Given data:
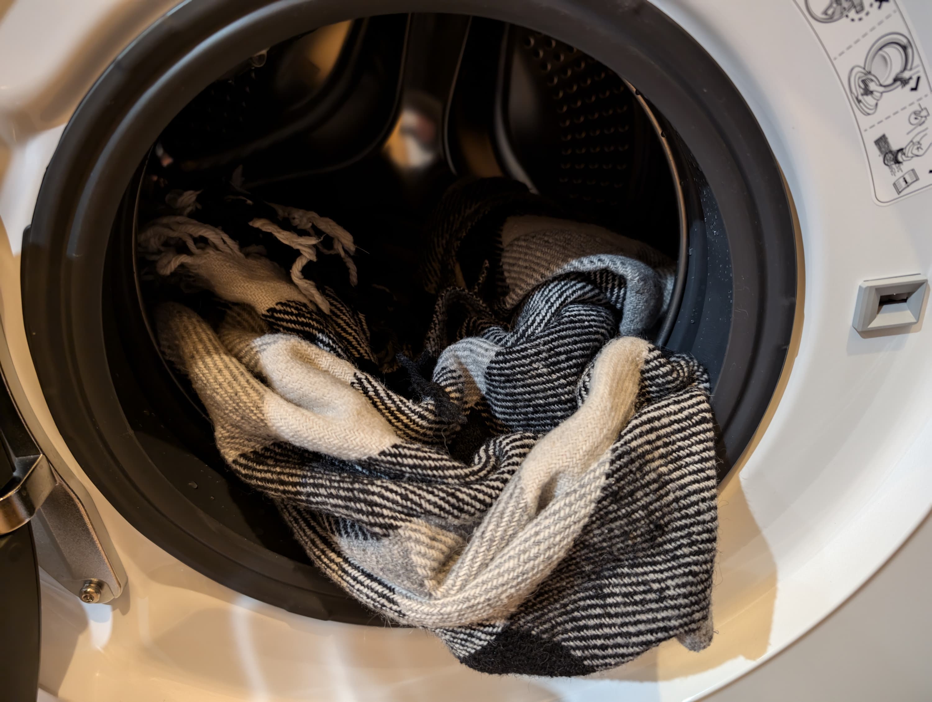 Но в жизни нам приходится стирать не только хлопок, но и более деликатные ткани. Так что еще один наш постоянный тест — стирка шерстяного пледа весом чуть меньше килограмма.
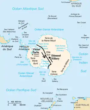 - Esta obra contiene una traducción derivada de « Expédition Fuchs-Hillary» de Wikipedia en francés, publicada por sus editores bajo la Licencia de documentación libre de GNU y la Licencia Creative Commons Atribución-CompartirIgual 4.0 Internacional.
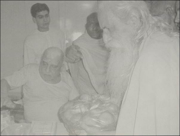 I came to Shivananda Ashram on 5th September 1965 and met my Guru, H.H. Sri Swami Krishnanandaji Maharaj near Bhajan Hall, after his speech on Bhagavad Gita. I took Mantra Diksha (Initiation) from him on 25th April 1966 in Holy Samadhi Mandir. I entered into Sannyasa order on 12th June 1975 in Sri Gurudev Kutir.
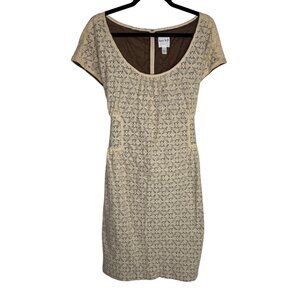 Keywords: lace dress, brown bow detail, formal dress, semi-formal, cap sleeve dress, scoop neck dress, cotton blend dress, Kate Hill dress, petite size dress, back zipper dress, women's clothing, neutral dress, elegant outfit
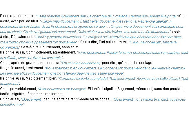 Ancienne signification éditée en 1835 pour le terme « doucement » par l’Académie Française.

Problem to solve: Begin with the first line of the records and repeat every line up to the one with "Keywords: lace dress, brown", counting that line too. Pictures are not part of the copy.

Exercise solution:
 Но в жизни нам приходится стирать не только хлопок, но и более деликатные ткани. Так что еще один наш постоянный тест — стирка шерстяного пледа весом чуть меньше килограмма.
 - Esta obra contiene una traducción derivada de « Expédition Fuchs-Hillary» de Wikipedia en francés, publicada por sus editores bajo la Licencia de documentación libre de GNU y la Licencia Creative Commons Atribución-CompartirIgual 4.0 Internacional.
 I came to Shivananda Ashram on 5th September 1965 and met my Guru, H.H. Sri Swami Krishnanandaji Maharaj near Bhajan Hall, after his speech on Bhagavad Gita. I took Mantra Diksha (Initiation) from him on 25th April 1966 in Holy Samadhi Mandir. I entered into Sannyasa order on 12th June 1975 in Sri Gurudev Kutir.
 Keywords: lace dress, brown bow detail, formal dress, semi-formal, cap sleeve dress, scoop neck dress, cotton blend dress, Kate Hill dress, petite size dress, back zipper dress, women's clothing, neutral dress, elegant outfit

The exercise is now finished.